Letrozole induction of ovulation in women with clomiphene citrate-resistant polycystic ovary syndrome may not depend on the period of infertility, the body mass index, or the luteinizing hormone/follicle-stimulating hormone ratio.

Letrozole induction of ovulation in clomiphene citrate-resistant women with polycystic ovary syndrome is associated with an ovulation rate of 54.6% and pregnancy rate of 25%. There was no significant difference between letrozole responders and nonresponders in age, period of infertility, body mass index, waist circumference, LH, FSH, or LH/FSH ratio.

Clomiphene citrate and dexamethazone in treatment of clomiphene citrate-resistant polycystic ovary syndrome: a prospective placebo-controlled study.

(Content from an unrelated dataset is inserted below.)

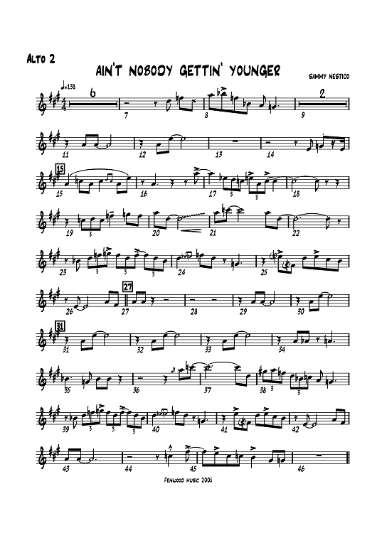 "Ain't Nobody Gettin' Younger - Alto Sax 2" Sheet Music by Sammy Nestico

BACKGROUND: The aim of this work was to evaluate the efficacy of adding dexamethazone (DEX) (high dose, short course) to clomiphene citrate (CC) in CC-resistant polycystic ovary syndrome (PCOS) with normal dehydroepiandrosterone sulphate (DHEAS) in induction of ovulation. METHODS: Eighty infertile women with CC-resistant PCOS were randomly assigned into two groups. Group I: Clomiphene citrate 100 mg/day was given from day 3 to day 7 of the cycle and DEX 2 mg/day from day 3 to day 12 of the cycle. Group II: Same protocol of CC combined with placebo (folic acid tablets) was given from day 3 to day 12 of the cycle. The main outcome was ovulation. Secondary measures included number of follicles >18 mm endometrial thickness and pregnancy rate. Ovarian follicular response was monitored by transvaginal ultrasound. HCG 10,000 U was given when at least one follicle measured 18 mm, and timed intercourse was advised. RESULTS: There were no statistically significant differences between groups as regards age, duration of infertility, BMI, waist-hip ratio (WHR), menstrual pattern, hirsutism, serum DHEAS or day of HCG administration. The mean number of follicles>18 mm at the time of HCG administration and the mean endometrial thickness were significantly higher in the DEX group than in the placebo group (P<0.05). Similarly, there were significantly higher rates of ovulation (75 versus 15%) (P<0.001) and pregnancy (40 versus 5%) (P<0.05) in the DEX group. Dexamethazone was very well tolerated as no patients complained of any side effect. There was a significant difference between the responders and non-responders in the presence of oligomenorrhea, amenorrhea or hirsutism. CONCLUSION: Induction of ovulation by adding DEX (high dose, short course) to CC in CC-resistant PCOS with normal DHEAS is associated with no adverse anti-estrogenic effect on the endometrium and higher ovulation and pregnancy rates in a significant number of patients. Induction with DEX appears to be independent on age, period of infertility, BMI or WHR.